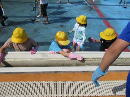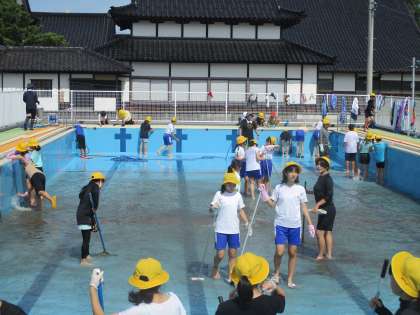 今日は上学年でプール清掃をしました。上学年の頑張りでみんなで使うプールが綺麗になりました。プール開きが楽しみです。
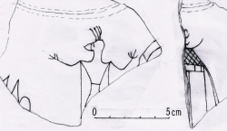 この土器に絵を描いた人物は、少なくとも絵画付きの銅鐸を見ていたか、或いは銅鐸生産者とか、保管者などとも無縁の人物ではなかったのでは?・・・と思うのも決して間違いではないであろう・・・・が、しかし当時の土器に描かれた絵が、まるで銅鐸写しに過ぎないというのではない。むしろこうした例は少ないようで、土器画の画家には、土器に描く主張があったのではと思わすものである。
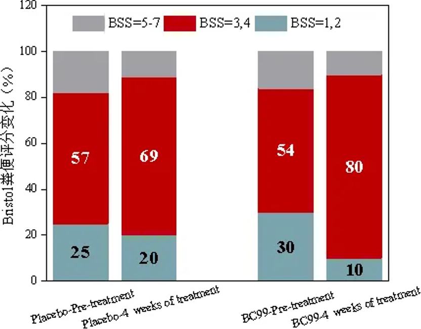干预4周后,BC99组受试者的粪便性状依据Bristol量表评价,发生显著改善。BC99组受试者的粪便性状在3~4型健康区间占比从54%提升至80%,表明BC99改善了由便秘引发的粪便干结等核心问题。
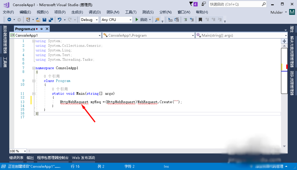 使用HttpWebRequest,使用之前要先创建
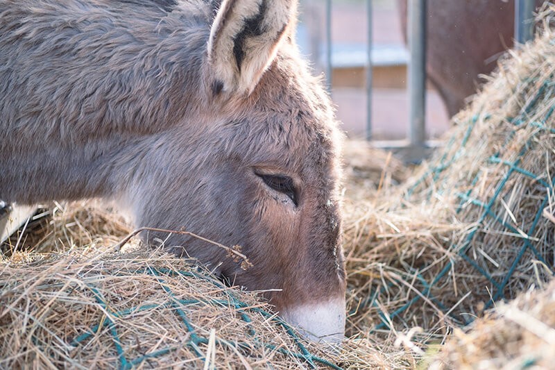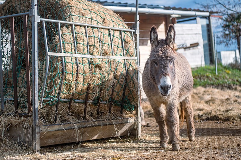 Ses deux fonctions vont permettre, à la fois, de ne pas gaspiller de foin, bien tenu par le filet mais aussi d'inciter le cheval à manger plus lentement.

++++++

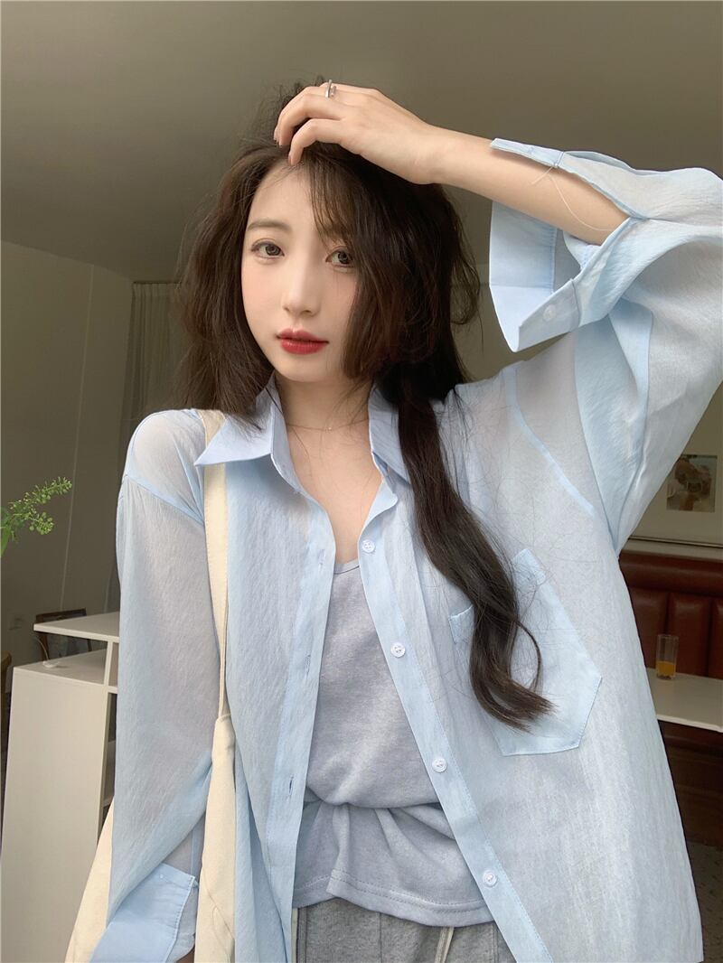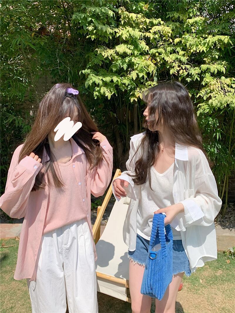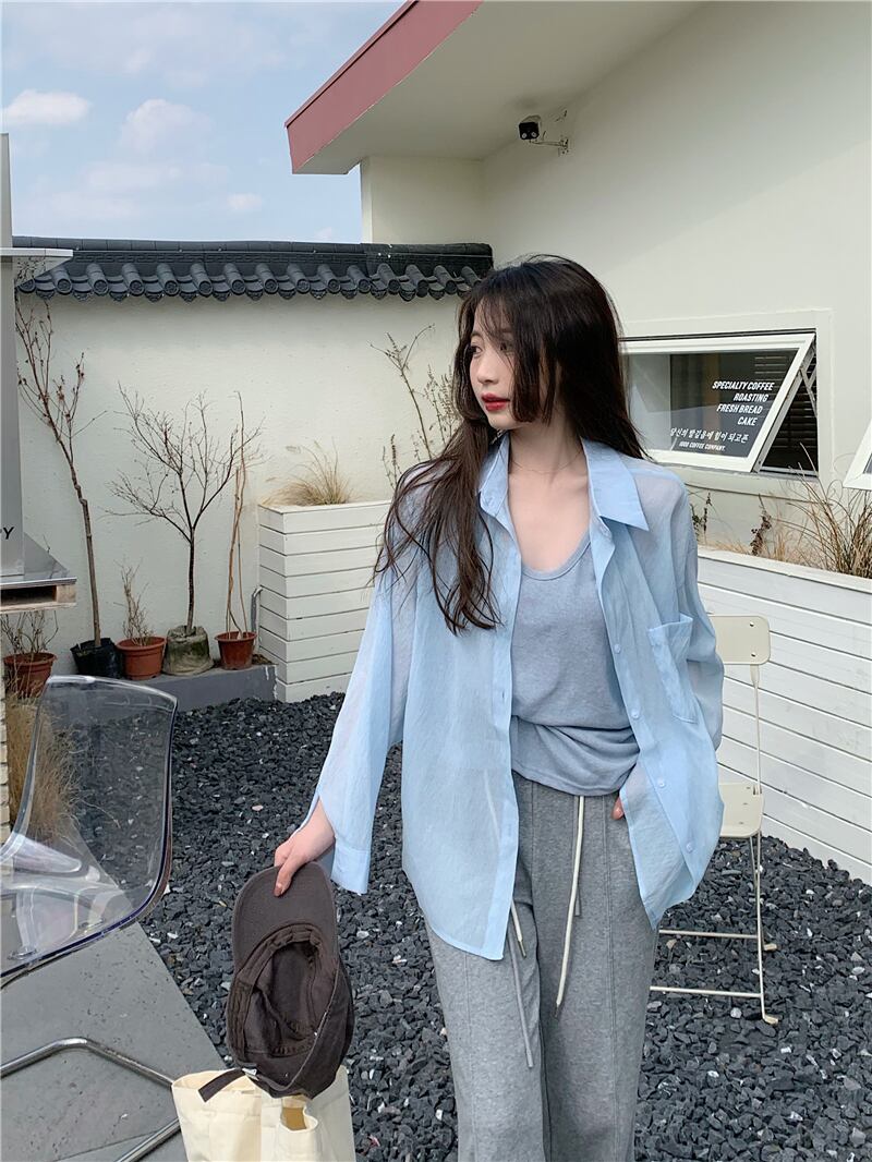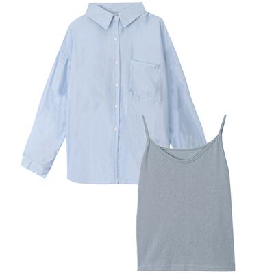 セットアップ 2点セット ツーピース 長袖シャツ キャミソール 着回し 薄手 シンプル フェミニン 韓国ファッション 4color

++++++

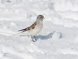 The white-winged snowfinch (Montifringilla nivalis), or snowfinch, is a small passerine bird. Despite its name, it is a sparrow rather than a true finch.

++++++

▶ [Task goal]: What you return must match the lines above from the one with "干预4周后,BC99组受试者" through the one with "Ses deux fonctions" exactly, with both ends included and the pictures excluded.

▶ [Exercise answer]:
干预4周后,BC99组受试者的粪便性状依据Bristol量表评价,发生显著改善。BC99组受试者的粪便性状在3~4型健康区间占比从54%提升至80%,表明BC99改善了由便秘引发的粪便干结等核心问题。
 使用HttpWebRequest,使用之前要先创建
 Ses deux fonctions vont permettre, à la fois, de ne pas gaspiller de foin, bien tenu par le filet mais aussi d'inciter le cheval à manger plus lentement.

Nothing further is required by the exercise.